### Task requirements
Could you print the stretch of lines below from the one with "Construit en 1907" through the one with "White and gold", exactly as they stand and without any pictures?

Collected data
-- Opening Marker --
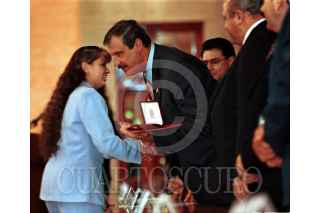 En la tarde, el presidente Vicente Fox encabezó la ceremonia de entrega de la presea "Lázaro Cárdenas" e inauguró el ciclo académico del Instituto Politécnico Nacional. FOTO: Victoria Valtierra/CUARTOSCURO.COM
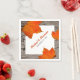 Bois rustique et feuille, serviettes mariages de automne en papier. Feuilles d'érable rouge / orange, cadre d'écorce d'arbre à personnaliser avec les noms de la mariée et du marié et leur date de mariage.
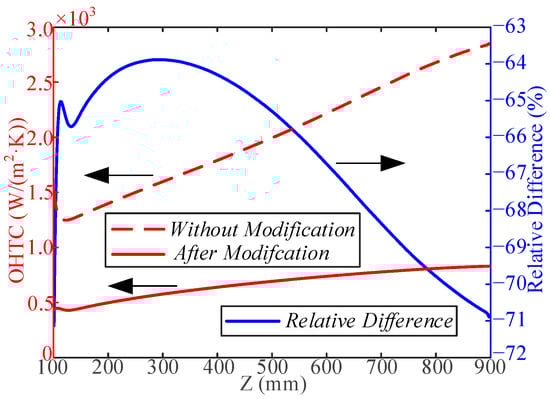 As seen in Figure 7, the unmodified overall heat transfer coefficient showed a trend of decreasing at first and then increasing. The relative difference between them was high in general, and it appeared at its maximum point near the inlet and outlet of the heated section, with a maximum value about −71%.
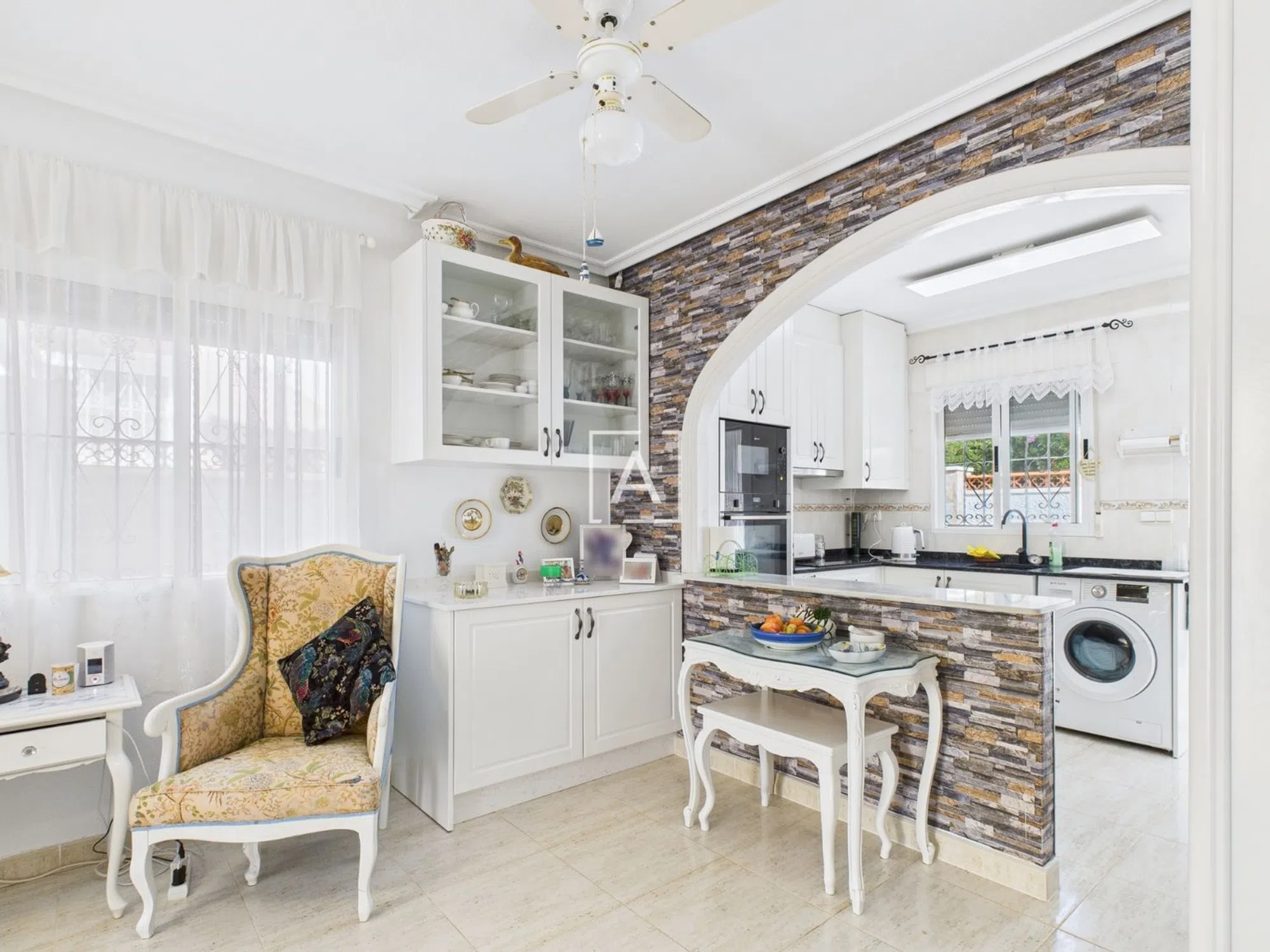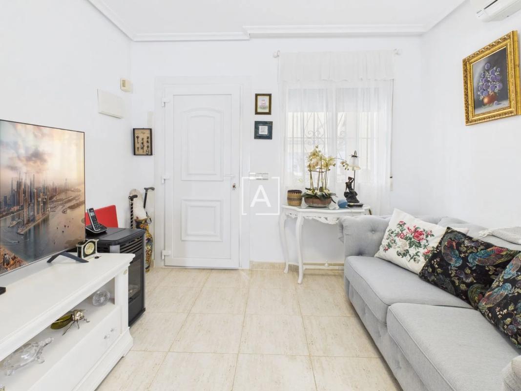 Nos complace presentar esta casa adosada de dos dormitorios y un baño, en excelente estado, con la ventaja añadida de una vivienda independiente en la primera planta. Con una ubicación ideal en el corazón de este codiciado pueblo, la propiedad se encuentra a poca distancia de supermercados, servicios locales y un bar. Se accede a la propiedad a través de un amplio porche cerrado con persianas, que da paso a un luminoso salón y una cocina americana. Desde el salón se accede a los dos dormitorios, ambos con armarios empotrados. El moderno baño ha sido reformado recientemente e incluye una ducha a ras de suelo. La cocina cuenta con una amplia gama de armarios altos y bajos, una barra americana y acceso directo al jardín trasero, un espacio ideal para comer al aire libre y relajarse. Una escalera exterior conduce a un apartamento independiente con salón-dormitorio diáfano, cocina y baño, perfecto para invitados o para obtener ingresos por alquiler. Además, la planta superior dispone de un trastero y un solárium orientado al sur. Al costado de la propiedad hay un camino de acceso privado que ofrece estacionamiento fuera de la vía pública. Esta versátil propiedad es ideal como residencia permanente, casa de vacaciones o una excelente oportunidad de inversión.
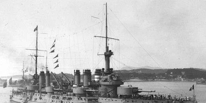 Construit en 1907 à La Seyne-sur-Mer, le Voltaire, cuirassé de type Danton – nom choisi telle une provocation calculée en cette période de tensions liées à la séparation de l’Église et de l’État, et qui a fait grincer des dents une marine restée très catholique –, a été lancé le 16 janvier 1909 et versé au service actif en 1911. Depuis qu’il a pris la mer, les accidents, nombreux, lui valent auprès des marins une réputation de navire maudit. Lorsqu’il appareille de Toulon le 6 octobre 1918 pour rejoindre Thessalonique, puis Moudra, les matelots sont inquiets et redoutent de sombrer avec ce navire porte-malheur. Peut-être est-ce l’une des raisons pour lesquelles beaucoup dans l’équipage arborent l’insigne, interdit car « calotin et contre-révolutionnaire », du Sacré Cœur.
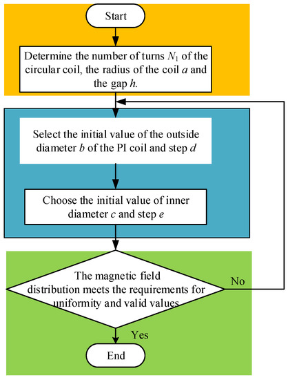The above discussion shows that the introduction of a PI coil can improve the uniformity of the induced magnetic field distribution. The values of parameters b and c that meet the requirements can be obtained through the flowchart shown in Figure 8.
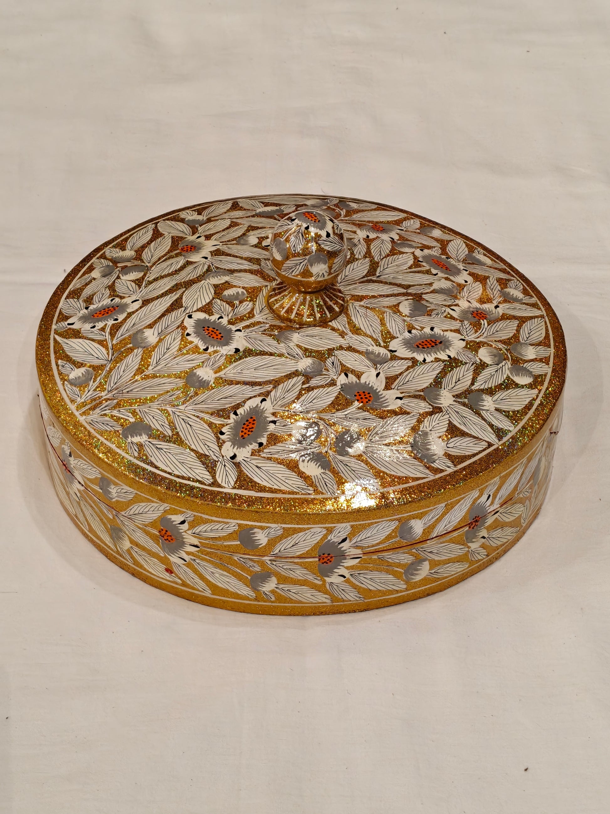 White and gold Flowers hand painted papier mache dry fruits box / jewellery organizer
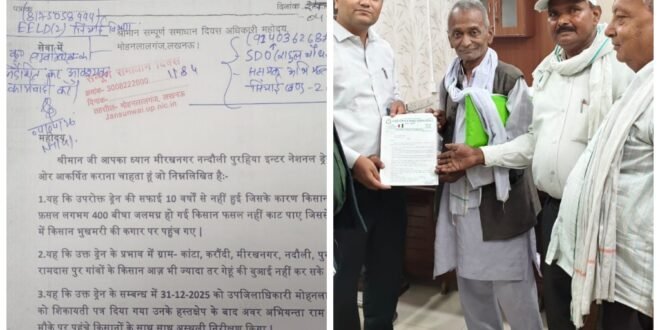 लखनऊ : : मोहन लाल गंज तहसील में धारा 24 के अर्न्तगत मेडबंदी नही करने से नाराज़ राष्ट्रीय किसान मजदूर संगठन के पदाधिकारियों ने पूर्व से लम्बित मामलो को लेकर उपजिलाधिकारी मोहनलाल गज के कार्यालय पहुंचे वहां पर उपस्थित नायाब तहसीलदार गुरु मीत सिह ने किसानों को समझाने का प्रयास किया लेकिन किसानो ने दिनांक 10/04/2026 तक समास्याओं का समाधान नहीं होने पर उपजिलाधिकारी मोहन लाल गंज कार्यालय पर अनिश्चितकालीन धरना प्रदर्शन का ज्ञापन दिया ज्ञापन में नदौली इन्टर नेशनल डेन सिरौना डेन नहरो की पटरियों की बालू नीलामी तथा गंगा गंज नगराम अर्धनिर्मित रोड और इसमे पडने वाले टूटे साइफन निर्माण की बात को शामिल करते हुए तहसील दिवस प्रभारी को दिया गया इस कार्यक्रम में मंडल महामंत्री हरिपाल सिंह लखनऊ जिला महामंत्री राम सिंह किसान नेता हरिश्चन्द्र अरविन्द कुमार मोहर्रम अली आदि नेता मौजूद रहे।
-- Closing Marker --
### Written response
 Construit en 1907 à La Seyne-sur-Mer, le Voltaire, cuirassé de type Danton – nom choisi telle une provocation calculée en cette période de tensions liées à la séparation de l’Église et de l’État, et qui a fait grincer des dents une marine restée très catholique –, a été lancé le 16 janvier 1909 et versé au service actif en 1911. Depuis qu’il a pris la mer, les accidents, nombreux, lui valent auprès des marins une réputation de navire maudit. Lorsqu’il appareille de Toulon le 6 octobre 1918 pour rejoindre Thessalonique, puis Moudra, les matelots sont inquiets et redoutent de sombrer avec ce navire porte-malheur. Peut-être est-ce l’une des raisons pour lesquelles beaucoup dans l’équipage arborent l’insigne, interdit car « calotin et contre-révolutionnaire », du Sacré Cœur.
The above discussion shows that the introduction of a PI coil can improve the uniformity of the induced magnetic field distribution. The values of parameters b and c that meet the requirements can be obtained through the flowchart shown in Figure 8.
 White and gold Flowers hand painted papier mache dry fruits box / jewellery organizer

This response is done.